The invention relates to the manufacture of seed tape and also to the closure of polyethylene oxide film upon itself.
Seed tape is made commercially from polyethylene oxide film. This film, though essentially polyethylene oxide, may contain some additional materials (plasticizer, stabilizer, antioxidant, dye, etc.). The film, in order to be operative, is readily water soluble. Advantage of this fact has been taken in sealing the tape after the seeds have been deposited thereon, usually while the tape is formed into a troughed shape. Thus, before the seed is deposited, the tape has been moistened with water, as by spraying water thereon or by applying it from a felted moistener. Then, after the seed has been deposited, the tape is closed on itself under pressure, sealing the tape and enclosing the seed.
An important problem, heretofore unsolved, has been proper control of the amount of moisture imparted to the tape in order to cause its sealing. Excessive moisture has bad effects on both the seed and the tape.
Many seeds are quite sensitive to moisture; an excess of moisture can prematurely trigger the germination process and may result in killing the seed.

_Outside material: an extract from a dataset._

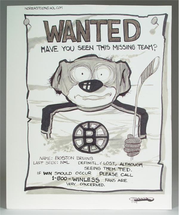 This is an original drawing from noted illustrator and cartoonist Frank Galasso. The topic is the fans concern with the play of a struggling Boston Bruins Hockey Team. Drawing is signed and is in MT condition.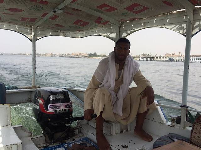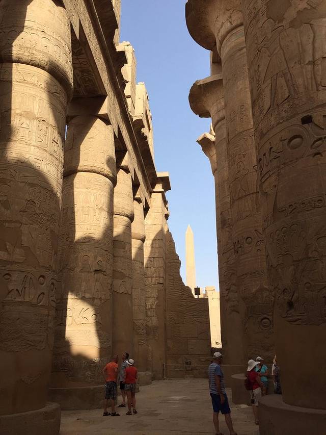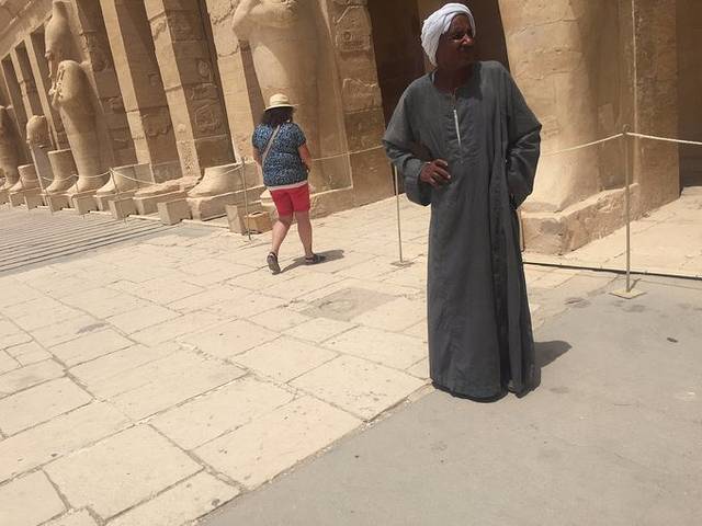 乘坐埃及航空MS160 8:25-9:25开罗-卢克索航班到达卢克索机场和导游接头,在卢克索玩的两天都是42-44度,确实是非常热啊!我被导游带到住处,一个五星plus的邮轮上过夜(我当的前天邮轮上住的是一个上海的旅行团,那天晚上邮轮停靠卢克索不动),名字是M/S Princess SARAH,住处和餐厅都很赞。听说船顶上都游泳池,但是一走上船顶,有一种人就会化了的感觉,本来想去一游,但看着这太阳,我就回房间去睡了一会儿(是不是因为起床太早,还是天气太热……)。由于天气太热,导游说计划改到下午3:00行动,去看了卢克索神庙,在那边还跟一个会西班牙语的导游胡侃了一通(我自己的导游有点小无聊的说,还有一句口头禅是you see there - lots of details, but over the years, the sun and the rain deleted all the details,特别喜欢用delete这个词,还明明带我一个人的团,喜欢叫我My friends,感觉自己自带分身功能,哆啦A梦化了),记得哦:要定时补充水分。后来还发现一个区别当地人和游客的方法:埃及人非常耐热,我的导游和司机都可以半天(真的是半天,4小时以上)滴水不喝,我有一个大瓶的水,问他要不要喝一口,人家很坚决的说不要,当你已经快被晒干的时候,埃及人还表示:这个天气正常……

Seeds which can last for many months if kept in an atmosphere that is sufficiently dry may last only a few weeks if the moisture level is a little higher.
The tape itself is sensitive to the applied moisture, though generally insensitive to atmospheric humidity. The tape is water soluble; so obviously the applied moisture used for sealing must be kept below an amount that would simply dissolve the tape. But that is not all. Tape that becomes much too wet turns milky and tends to stick to itself when wound on a roll, so that it cannot be unwound satisfactorily. Even when not wet to that degree, over-moistened tape tends to stretch while wet--i.e., when the seeds are being put in and the tape sealed-- and then to shrink when it dries, after being wound on a reel. Such shrinking can break some delicate seeds and is generally hard on the strength of the tape. If a stretched wet tape is wound tautly on a card, as is common in certain packaging methods, the card will be bowed in along an arc as the tape dries and shrinks.
Several variables make it difficult to control the amount of moisture used. Each thickness and width of polyethylene oxide tape results in somewhat different requirements as to the amount of moisture needed for sealing. Each size of seed and the spacing between seeds also affects the amount of moisture needed for sealing the film. It should be noted that it is not sufficient simply to seal the film along its edges where it laps over; it is also important that the film between adjacent seeds be sealed, in order to retain the spacing between the seeds and hold them in position.
Moreover, the seed tape is difficult to dry once it is too moist. The tape travels at high speeds, typically several thousand feet per hour, during the manufacturing operation of emplacing the seed and closing the tape. These high speeds make it difficult to dry the tape. High temperatures cannot be used to shorten the drying time, because of the low melting temperature of the plastic, because excessive temperature may damage the seed directly, and also because the creation of water vapor within the sealed tape, which results from heating, causes the tape to balloon and to form a hollow tube, with no sealing between seeds. Consequently, drying must be done at a moderate rate that allows time for the moisture to diffuse out through the tape. Adequate drying in this manner requires a drying chamber in which the tape is dried for at least thirty seconds, and this means several hundred feet of tape travel. Drying chambers as large as this would hamper the production operation, and shorter chambers are inadequate.
At this point, it may be said that there is no easy inexpensive way to measure either the amount of moisture being applied or the amount of moisture remaining in the finished tape. As to the amount applied, when it is sprayed, some evaporates, so that the excess collected does not express by mere subtraction from the amount sprayed how much stayed on the tape. Tests have shown that the completed tape has contained between about 3 and 15 percent moisture, probably averaging around 6 to 7 percent,--a little too high for optimum results.
Experimental data have also shown that when the moisture level in the completed tape is higher than about ten percent, the germination percentage of the seed when planted may be seriously degraded by storage. Thus, if the moisture level is over ten percent for one or two weeks after sealing, gradually drying out, some seeds drop by ten to twenty percent in germination level after six months storage. Seed tapes are of advantage principally when the germination levels are quite high, approaching 100 percent. Therefore, a drop of 10 to 20 percent is undesirable.
Other solvents which can be used to seal polyethylene oxide tape are either toxic, flammable, or both.
Since the tape must be sealed, and moisture has been needed to achieve proper sealing, the problem has been extraordinarily difficult.
The purpose of the present invention is to obtain the needed sealing at present manufacturing speeds while not requiring elaborate controls, excessive drying equipment, or even elaborate inspection methods.